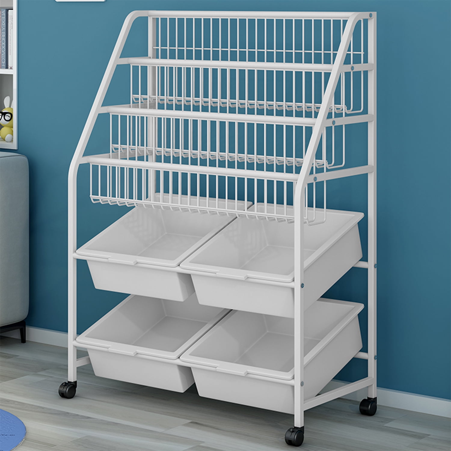 2 in 1 Kids Bookshelf: There are 4 storage bins at the bottom, which can be used for children to store their favorite toys, stationery, art accessories, etc. 3-tier shelves with large space on the top can hold children’s books, and keep your children’s room well-organized. Practical storage rack: The bottom of the rack is equipped with 360 degree rotating rollers with brakes for easy movement. It can be placed in bedroom, study, kitchen, children’s room, living room or office. Space-Saving and Easy Installation: Our cute bookshelf helps you improve your kids organizing ability. Taking up minimalist floor area, but also can provide enough storage space for your children. Every bookshelf is equipped with the installation instructions and tools, it is easy and quick to assemble. Strong and Durable: The bookshelf is made of metal and the storage bins are made of high-quality PP material. Don’t worry about its sturdiness, it is not easy to be deformed or damaged. Perfect Size: The size of our kids book rack is 100cm×60cm×30cm/39.3″L x 23.6″W X 11.8″H, the perfect size is suitable for the children, they can easily identify and pick up their books. It is good rack for cultivating children’s reading interest.
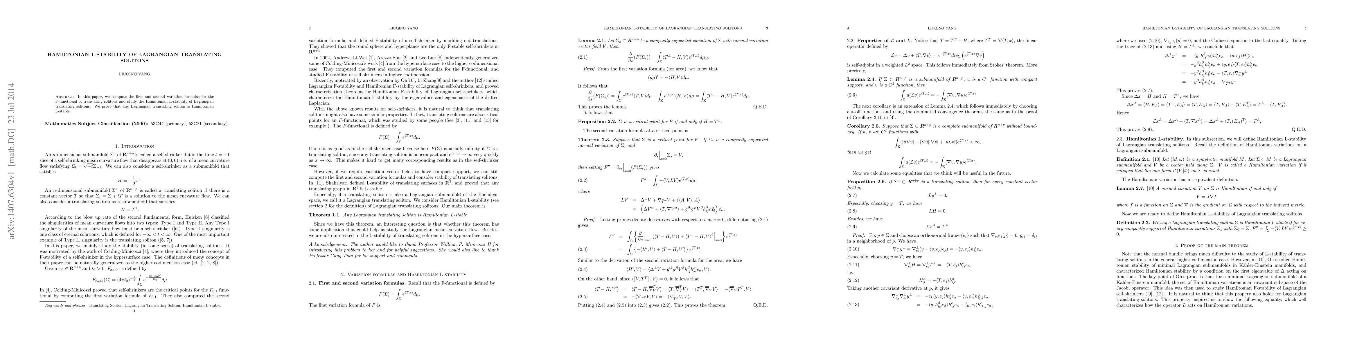 This paper computes the first and second variation formulas for the F-functional of translating solitons and proves the Hamiltonian L-stability of Lagrangian translating solitons, establishing that any such soliton maintains stability under Hamiltonian perturbations.
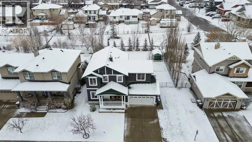 Welcome to this Beautifully Updated Home on a Quiet Cul-de-sac in the Charming Community of Langdon! Situated on nearly a ¼-Acre Lot Backing onto Green Space, this Property offers Privacy, Space, and Small-Town Living at its Best. The Bright, Open-to-Above Entryway and Fresh Paint create a Modern, Inviting Feel. The Open-Concept Main Floor features a Spacious Living Room, Dining Area, and Updated Kitchen with Stainless Steel Appliances, Granite Countertops, a Large Island, and plenty of Cabinetry. A Main-Floor Office, 2-piece Bath, and Mudroom complete this level. Upstairs, the Primary Suite is set apart for Privacy and includes a 4-piece Ensuite and Walk-in closet. A central Bonus Room with Flex Area leads to Two Additional Bedrooms, a Full Bath, and convenient Upper Laundry. The Lower Level is Partially Developed with a Completed 4-piece Bath and a Walk-Up Entrance to a Patio. With three Large Windows, this space is Bright and Ready for your Finishing touches. The Heated, Painted, and Tiled Garage is a Standout Feature, along with New Siding (2022), New Garage Door and Opener (2022). The 0.21-Acre Yard is Beautifully Landscaped with a Large Deck, Fire Pit Area, Mature Trees, and a Large Storage Shed. A Covered Dog Run extends from the garage and can double as covered storage. An 80-ft Gravel Driveway provides Ample Parking for Trailers or Guests. Langdon offers Small-Town Charm, Great Schools, and Convenient Access to Calgary and nearby Amenities. Donât miss this Incredible Opportunity to own a Beautiful Home in this Welcoming Community! (id:27476)

> **TASK REQUIREMENTS**
Without changing a word, retype the data above and omit its pictures.

> **RESULT**
 2 in 1 Kids Bookshelf: There are 4 storage bins at the bottom, which can be used for children to store their favorite toys, stationery, art accessories, etc. 3-tier shelves with large space on the top can hold children’s books, and keep your children’s room well-organized. Practical storage rack: The bottom of the rack is equipped with 360 degree rotating rollers with brakes for easy movement. It can be placed in bedroom, study, kitchen, children’s room, living room or office. Space-Saving and Easy Installation: Our cute bookshelf helps you improve your kids organizing ability. Taking up minimalist floor area, but also can provide enough storage space for your children. Every bookshelf is equipped with the installation instructions and tools, it is easy and quick to assemble. Strong and Durable: The bookshelf is made of metal and the storage bins are made of high-quality PP material. Don’t worry about its sturdiness, it is not easy to be deformed or damaged. Perfect Size: The size of our kids book rack is 100cm×60cm×30cm/39.3″L x 23.6″W X 11.8″H, the perfect size is suitable for the children, they can easily identify and pick up their books. It is good rack for cultivating children’s reading interest.
 This paper computes the first and second variation formulas for the F-functional of translating solitons and proves the Hamiltonian L-stability of Lagrangian translating solitons, establishing that any such soliton maintains stability under Hamiltonian perturbations.
 Welcome to this Beautifully Updated Home on a Quiet Cul-de-sac in the Charming Community of Langdon! Situated on nearly a ¼-Acre Lot Backing onto Green Space, this Property offers Privacy, Space, and Small-Town Living at its Best. The Bright, Open-to-Above Entryway and Fresh Paint create a Modern, Inviting Feel. The Open-Concept Main Floor features a Spacious Living Room, Dining Area, and Updated Kitchen with Stainless Steel Appliances, Granite Countertops, a Large Island, and plenty of Cabinetry. A Main-Floor Office, 2-piece Bath, and Mudroom complete this level. Upstairs, the Primary Suite is set apart for Privacy and includes a 4-piece Ensuite and Walk-in closet. A central Bonus Room with Flex Area leads to Two Additional Bedrooms, a Full Bath, and convenient Upper Laundry. The Lower Level is Partially Developed with a Completed 4-piece Bath and a Walk-Up Entrance to a Patio. With three Large Windows, this space is Bright and Ready for your Finishing touches. The Heated, Painted, and Tiled Garage is a Standout Feature, along with New Siding (2022), New Garage Door and Opener (2022). The 0.21-Acre Yard is Beautifully Landscaped with a Large Deck, Fire Pit Area, Mature Trees, and a Large Storage Shed. A Covered Dog Run extends from the garage and can double as covered storage. An 80-ft Gravel Driveway provides Ample Parking for Trailers or Guests. Langdon offers Small-Town Charm, Great Schools, and Convenient Access to Calgary and nearby Amenities. Donât miss this Incredible Opportunity to own a Beautiful Home in this Welcoming Community! (id:27476)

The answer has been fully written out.